The output is intentionally LLM-friendly. The `architecture.json` document and the spec cards are not designed merely to be archived — they are designed to be passed back into an LLM as context for follow-up analysis: comparing two architectures, identifying tech debt, suggesting refactors, drafting onboarding documentation, or feeding a coding agent with the precise structural map it needs to act safely on a codebase it has never seen. ArchMapper produces the substrate; the LLM does the reasoning.
Public release: spring 2026, MIT-licensed. ArchMapper has already been used to analyze multiple production-grade open-source ecosystems, including OpenClaw, with results that directly informed architectural decisions on parallel projects.
ArchMapper is a fully solo project. I owned every layer, from the methodology framework down to the last unit test:
From the methodology that frames the entire build to the smallest implementation choice, every decision was driven by one principle: produce a tool reliable enough to be trusted on production-grade codebases, and disciplined enough to be extended safely by AI agents.

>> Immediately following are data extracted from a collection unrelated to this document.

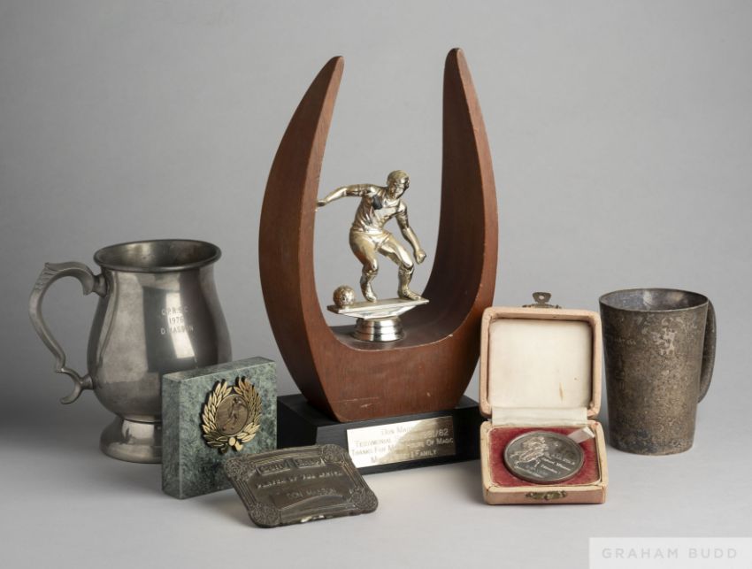 Don Masson white-metal Professional Footballers Association medal the obverse inscribed PROFESSIONAL FOOTBALLERS ASSOCIATION, the reverse inscribed ALL STAR, Award Winner Division 1, D. Masson, Queen's Park Rangers, in original fitted case, case in poor condition, QPR tankard, inscribed Q.P.R. SC, 1976 D MASSON, 14cm high, Gatty Skelly Player of the Match belt buckle inscribed DOM MASSON, Testimonial trophy from Mike Disney and Family another tankard and medal mounted on marble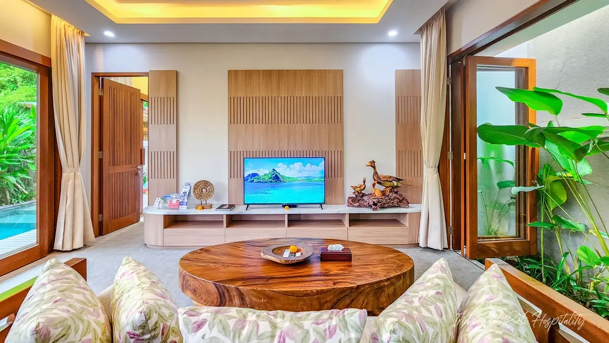 The villa’s open-plan living area is thoughtfully designed to create a seamless flow between indoor and outdoor spaces. Large glass doors open up to the private swimming pool, inviting natural light and tropical breezes into the home. The fully equipped kitchen is a culinary haven, complete with modern appliances and ample space for preparing delightful meals.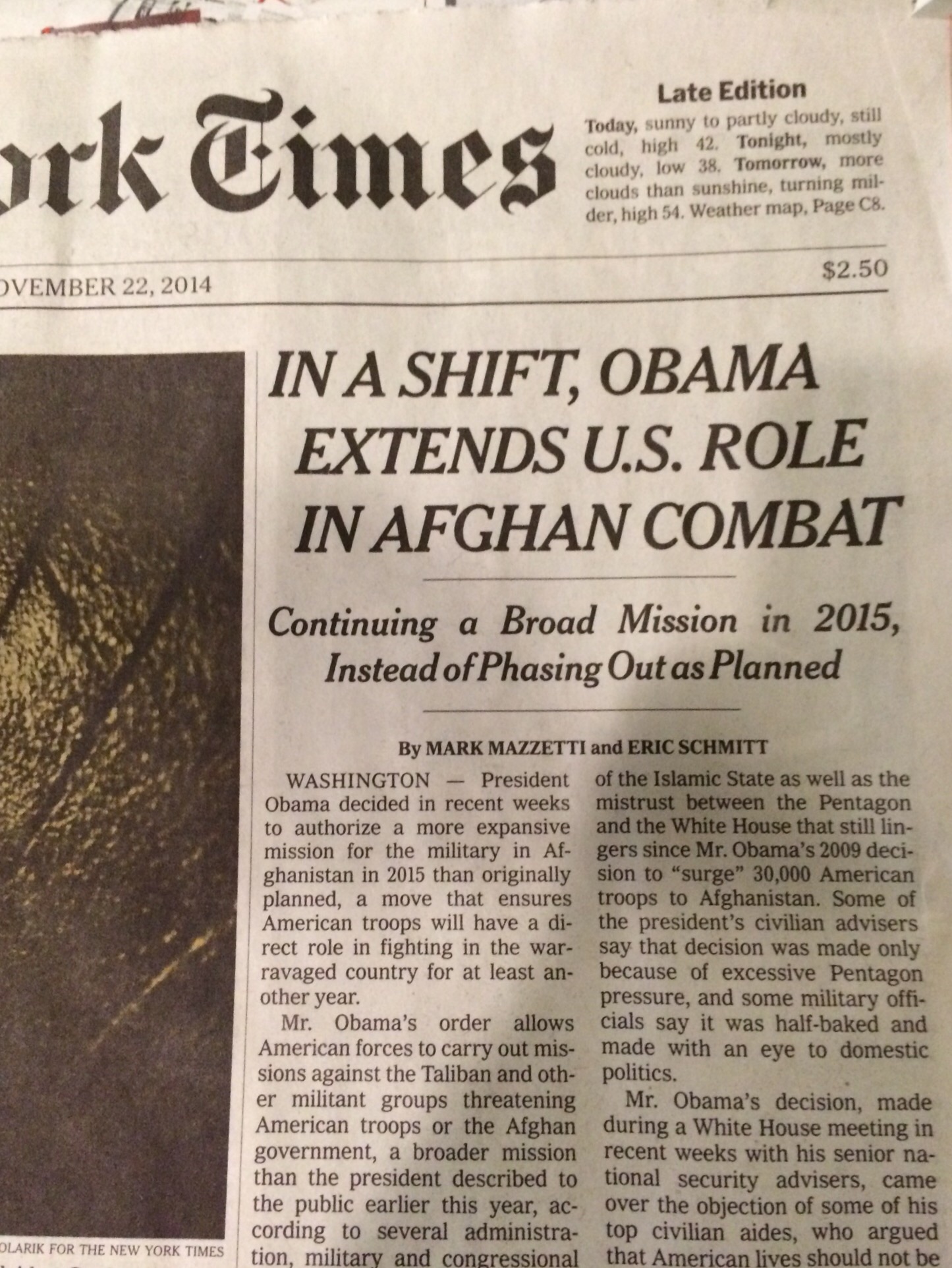 The next morning, however, I noticed the print edition carried the much different headline, “IN A SHIFT, OBAMA EXTENDS U.S. ROLE IN AFGHAN COMBAT.”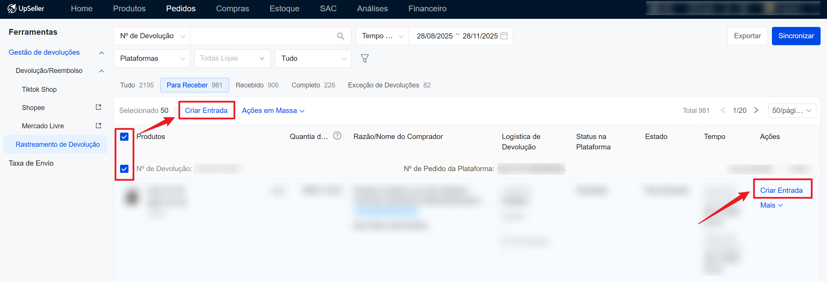 Esta função é utilizada para verificar e exportar pedidos de devolução de Shopee,Mercado, SHEIN e TikTok Shop utilizado para analisar o volume e os produtos de pedidos de devolução. Ao mesmo tempo, é possível criar Entrada para colocar produtos de pedido de devolução no Estoque, o que ajuda a gestão de Estoque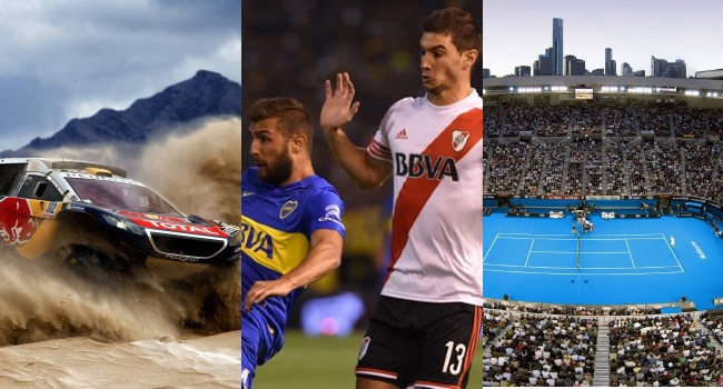 El 1 de enero, la temporada arranca con dos partidos de la Premier League inglesa, donde Watford-Tottenham y Arsenal FC-Crystal Palace son el plato del día, que completan dos encuentros de la NBA, tres de la NFL, uno del Top 14, la Copa Hopman, y el tan esperado Rally Dakar.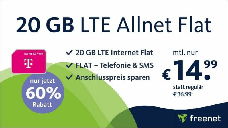Ihr sucht einen Mobilfunktarif mit ordentlich Datenvolumen? Im Telekomnetz? Dann schaut euch mal den folgenden 20 GB LTE Allnet Flat Tarif von Freenet für nur 14,99€ pro Monat an.

ArchMapper was not born from a market study or a startup pitch. It was born from a very practical, very personal need: I was building Sophia.ai, my R&D project on agentic AI for software development, and I needed to deeply understand how OpenClaw — one of the most capable agentic-AI ecosystems in the open source world — had been architected. I wanted to know what they did, how they did it, and most importantly, why they made the technical choices they made, so that I could take what was worth keeping and adapt it to my own work.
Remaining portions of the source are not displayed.